### DIRECTIONS
Your answer must be an exact copy of the listing that follows, with all pictures omitted.

### GIVEN MATERIAL
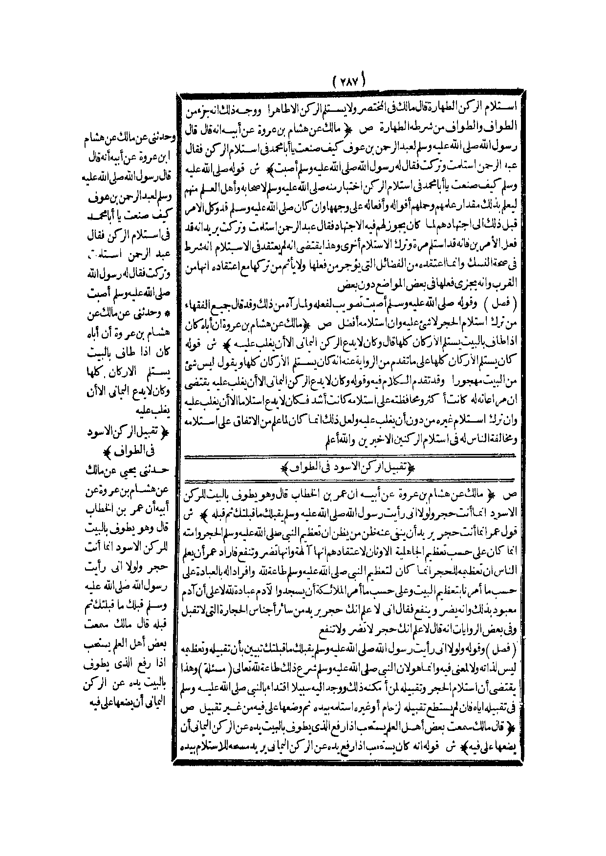 (ص) : (مَالِكٌ عَنْ هِشَامِ بْنِ عُرْوَةَ عَنْ أَبِيهِ أَنَّهُ قَالَ «قَالَ رَسُولُ اللَّهِ - صَلَّى اللَّهُ عَلَيْهِ وَسَلَّمَ - لِعَبْدِ الرَّحْمَنِ بْنِ عَوْفٍ كَيْفَ صَنَعْت يَا أَبَا مُحَمَّدٍ فِي اسْتِلَامِ الرُّكْنِ؟ فَقَالَ عَبْدُ الرَّحْمَنِ اسْتَلَمْت وَتَرَكْت فَقَالَ لَهُ رَسُولُ اللَّهِ - صَلَّى اللَّهُ عَلَيْهِ وَسَلَّمَ - أَصَبْت» ) .
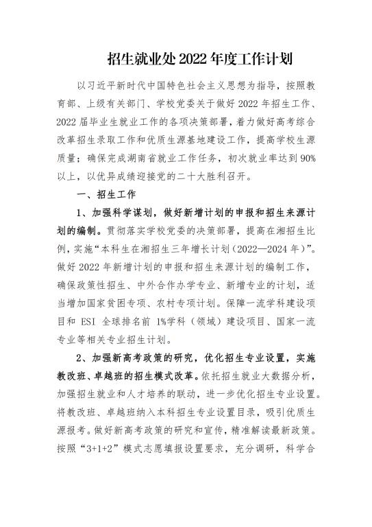 招生就业处2022年度工作计划
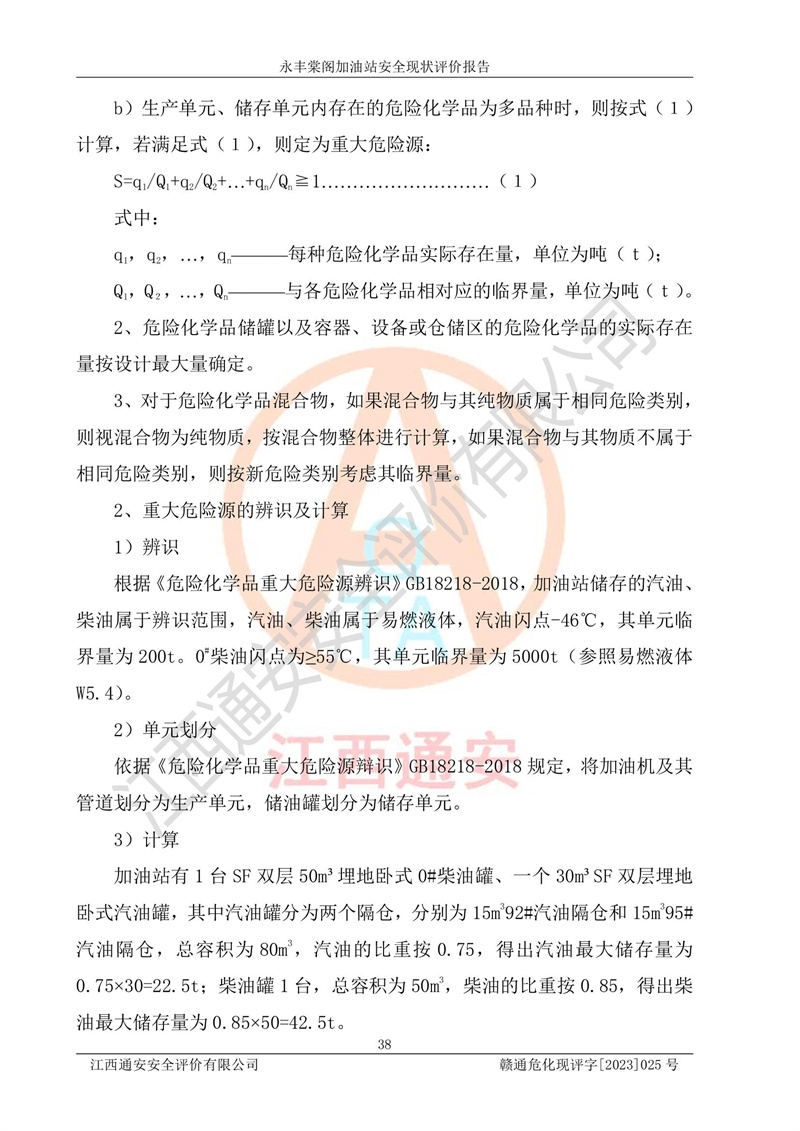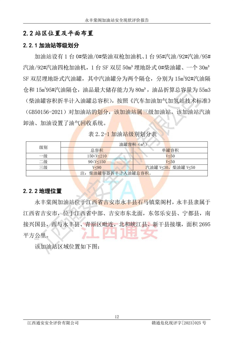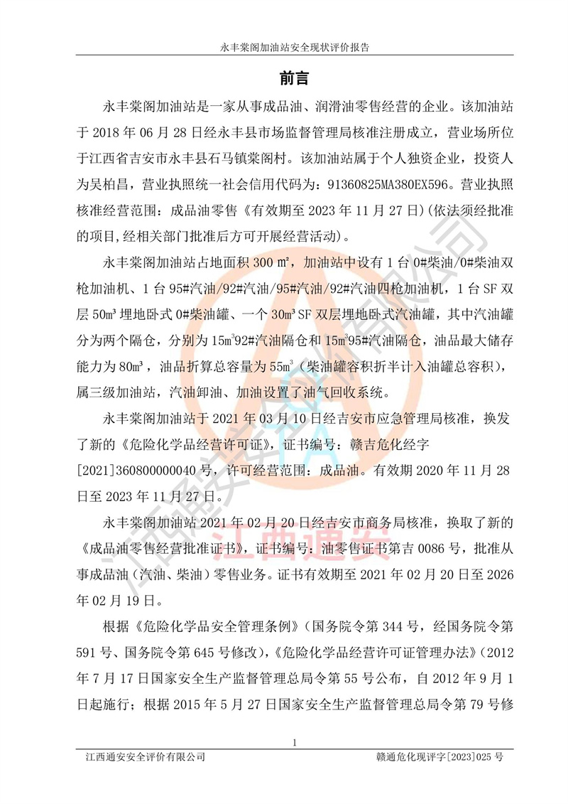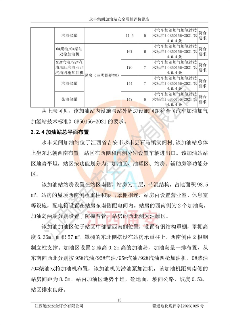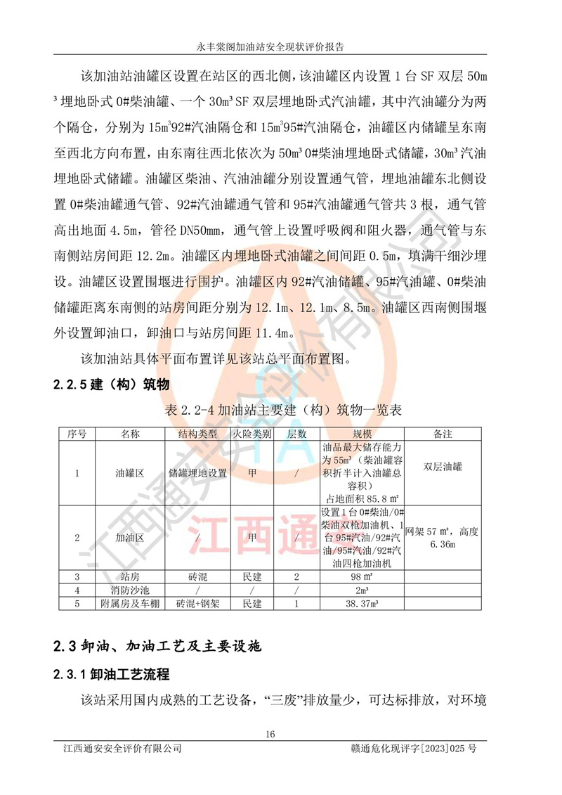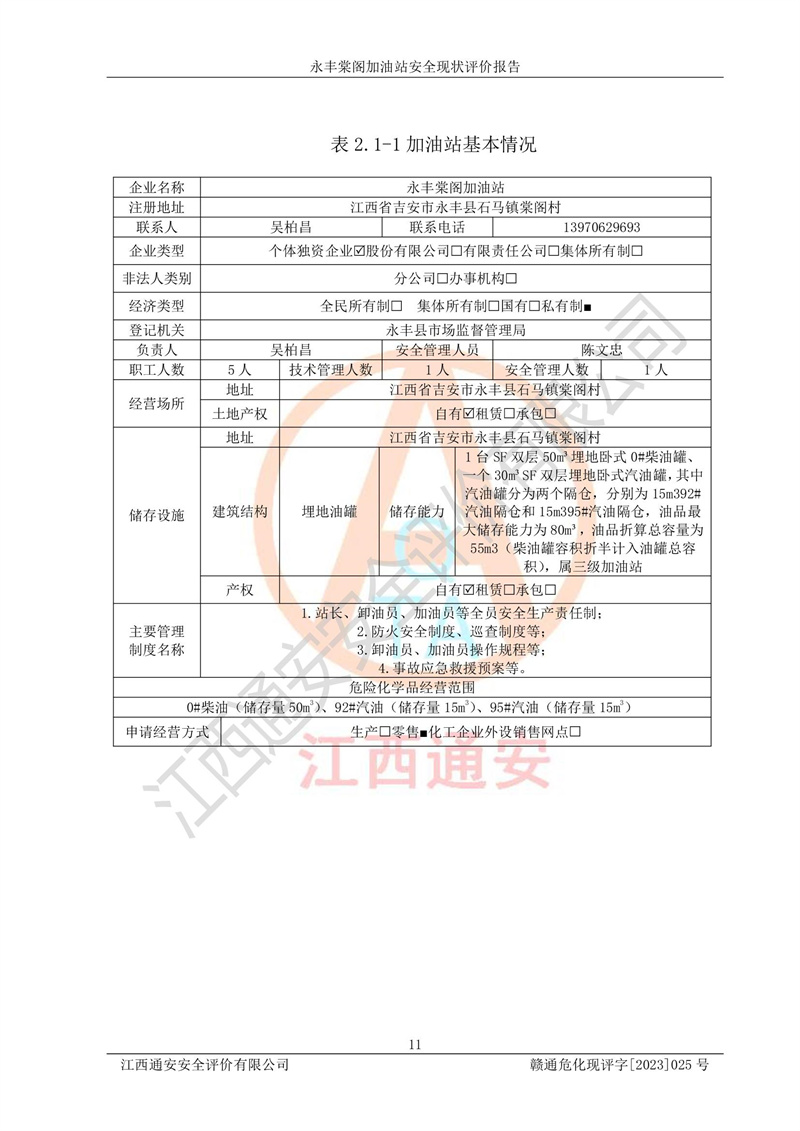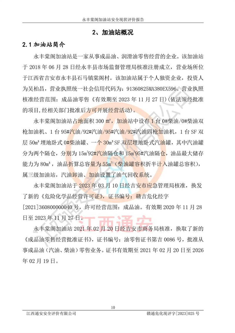 永豐棠閣加油站是一家從事成品油、潤滑油零售經(jīng)營的企業(yè)。該加油站于2018年06月28日經(jīng)永豐縣市場監(jiān)督管理局核準(zhǔn)注冊成立,營業(yè)場所位于江西省吉安市永豐縣石馬鎮(zhèn)棠閣村。該加油站屬于個人獨(dú)資企業(yè),投資人為吳柏昌,營業(yè)執(zhí)照統(tǒng)一社會信用代碼為:91360825MA380EX596。營業(yè)執(zhí)照核準(zhǔn)經(jīng)營范圍:成品油零售《**期至2023年11月27日)(依法須經(jīng)批準(zhǔn)的項(xiàng)目,經(jīng)相關(guān)部門批準(zhǔn)后方可開展經(jīng)營活動)。 永豐棠閣加油站占地面積300㎡,加油站中設(shè)有1臺0#柴油/0#柴油雙槍加油機(jī)、1臺95#汽油/92#汽油/95#汽油/92#汽油四槍加油機(jī),1臺SF雙層50m3埋地臥式0#柴油罐、一個30m3SF雙層埋地臥式汽油罐,其中汽油罐分為兩個隔倉,分別為15m392#汽油隔倉和15m395#汽油隔倉,油品*大儲存能力為80m3,油品折算總?cè)萘繛?5m3(柴油罐容積折半計(jì)入油罐總?cè)莘e),屬三級加油站,汽油卸油、加油設(shè)置了油氣回收系統(tǒng)。 |

### RESULT OF THE EXERCISE
 (ص) : (مَالِكٌ عَنْ هِشَامِ بْنِ عُرْوَةَ عَنْ أَبِيهِ أَنَّهُ قَالَ «قَالَ رَسُولُ اللَّهِ - صَلَّى اللَّهُ عَلَيْهِ وَسَلَّمَ - لِعَبْدِ الرَّحْمَنِ بْنِ عَوْفٍ كَيْفَ صَنَعْت يَا أَبَا مُحَمَّدٍ فِي اسْتِلَامِ الرُّكْنِ؟ فَقَالَ عَبْدُ الرَّحْمَنِ اسْتَلَمْت وَتَرَكْت فَقَالَ لَهُ رَسُولُ اللَّهِ - صَلَّى اللَّهُ عَلَيْهِ وَسَلَّمَ - أَصَبْت» ) .
 招生就业处2022年度工作计划
 永豐棠閣加油站是一家從事成品油、潤滑油零售經(jīng)營的企業(yè)。該加油站于2018年06月28日經(jīng)永豐縣市場監(jiān)督管理局核準(zhǔn)注冊成立,營業(yè)場所位于江西省吉安市永豐縣石馬鎮(zhèn)棠閣村。該加油站屬于個人獨(dú)資企業(yè),投資人為吳柏昌,營業(yè)執(zhí)照統(tǒng)一社會信用代碼為:91360825MA380EX596。營業(yè)執(zhí)照核準(zhǔn)經(jīng)營范圍:成品油零售《**期至2023年11月27日)(依法須經(jīng)批準(zhǔn)的項(xiàng)目,經(jīng)相關(guān)部門批準(zhǔn)后方可開展經(jīng)營活動)。 永豐棠閣加油站占地面積300㎡,加油站中設(shè)有1臺0#柴油/0#柴油雙槍加油機(jī)、1臺95#汽油/92#汽油/95#汽油/92#汽油四槍加油機(jī),1臺SF雙層50m3埋地臥式0#柴油罐、一個30m3SF雙層埋地臥式汽油罐,其中汽油罐分為兩個隔倉,分別為15m392#汽油隔倉和15m395#汽油隔倉,油品*大儲存能力為80m3,油品折算總?cè)萘繛?5m3(柴油罐容積折半計(jì)入油罐總?cè)莘e),屬三級加油站,汽油卸油、加油設(shè)置了油氣回收系統(tǒng)。 |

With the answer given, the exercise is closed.